If you write or review AI-generated code, I’d love one real-file test and blunt feedback:

  • Did it catch anything you would actually fix?
  • Did it produce any false positives?
  • Was the explanation useful or too generic?
  • Where did the flow feel confusing?

Link: https://checkaicode.com

There’s a free tier and a short Pro trial, no card required. If you test it, the most useful feedback is not “nice tool” but a concrete false positive, missed issue, or confusing step.

Happy to share more about the stack too: Next.js, Prisma, static rules, Semgrep-style checks, and DeepSeek for Pro explanations.

on June 7, 2026
  1. 1

    One thing I'd pressure-test before spending too much time on benchmark scores.

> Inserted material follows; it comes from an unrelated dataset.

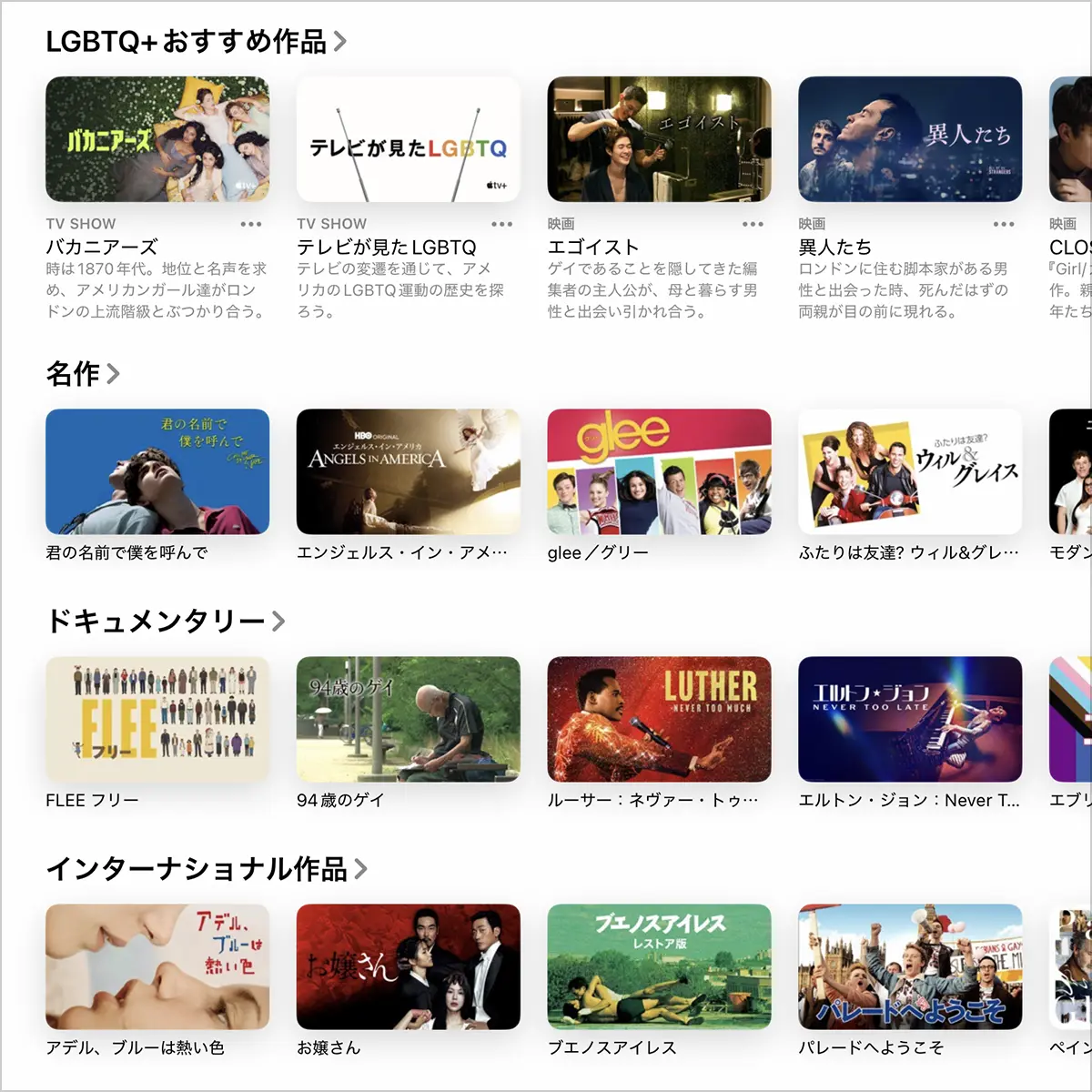Apple TVアプリで、6月のプライド月間に合わせた特集ページが公開されています。

    The product description makes it sound like the buyer is the developer uploading code.

    The pain in the post sounds closer to the reviewer who keeps getting pulled into low-quality AI-generated code that should have been cleaned up earlier.

    Those are very different buyers.

    If that positioning line is blurry, you can improve detection quality and still make the product harder to sell than it needs to be.

    I'd be careful not to let the conversation stay entirely around false positives and model quality. The buyer decision may matter more than the next few points of accuracy.

    Happy to put the tighter positioning angle in writing if useful.